• **Provided records**:
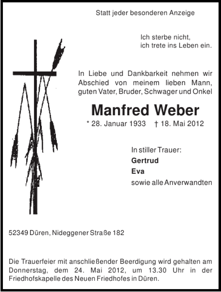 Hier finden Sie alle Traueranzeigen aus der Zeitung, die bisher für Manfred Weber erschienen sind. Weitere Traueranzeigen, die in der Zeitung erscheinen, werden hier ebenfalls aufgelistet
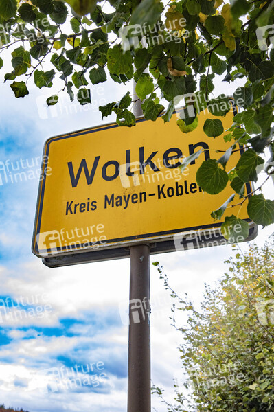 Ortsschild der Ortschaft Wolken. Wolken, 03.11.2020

--

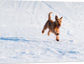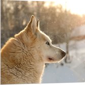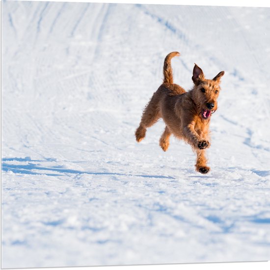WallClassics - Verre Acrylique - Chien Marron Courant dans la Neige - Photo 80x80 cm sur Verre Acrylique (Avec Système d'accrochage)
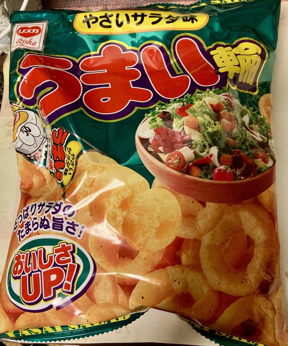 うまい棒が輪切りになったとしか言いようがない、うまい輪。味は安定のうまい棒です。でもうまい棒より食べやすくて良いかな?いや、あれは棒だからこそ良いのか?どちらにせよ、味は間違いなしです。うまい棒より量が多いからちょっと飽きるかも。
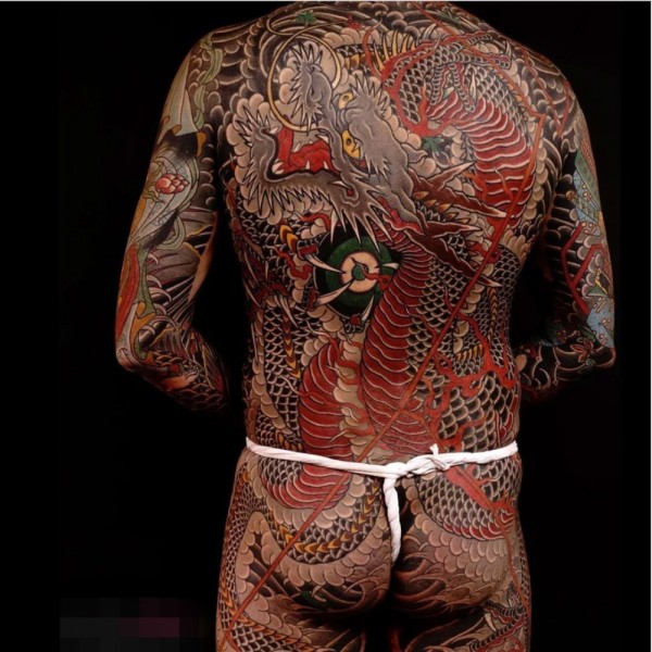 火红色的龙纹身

• **What the exercise asks**: An exact copy is needed of the stretch above that opens with the line containing "Hier finden Sie" and closes with the line containing "Ortsschild der Ortschaft"; the pictures are not part of it.

• **Answer to the exercise**:
 Hier finden Sie alle Traueranzeigen aus der Zeitung, die bisher für Manfred Weber erschienen sind. Weitere Traueranzeigen, die in der Zeitung erscheinen, werden hier ebenfalls aufgelistet
 Ortsschild der Ortschaft Wolken. Wolken, 03.11.2020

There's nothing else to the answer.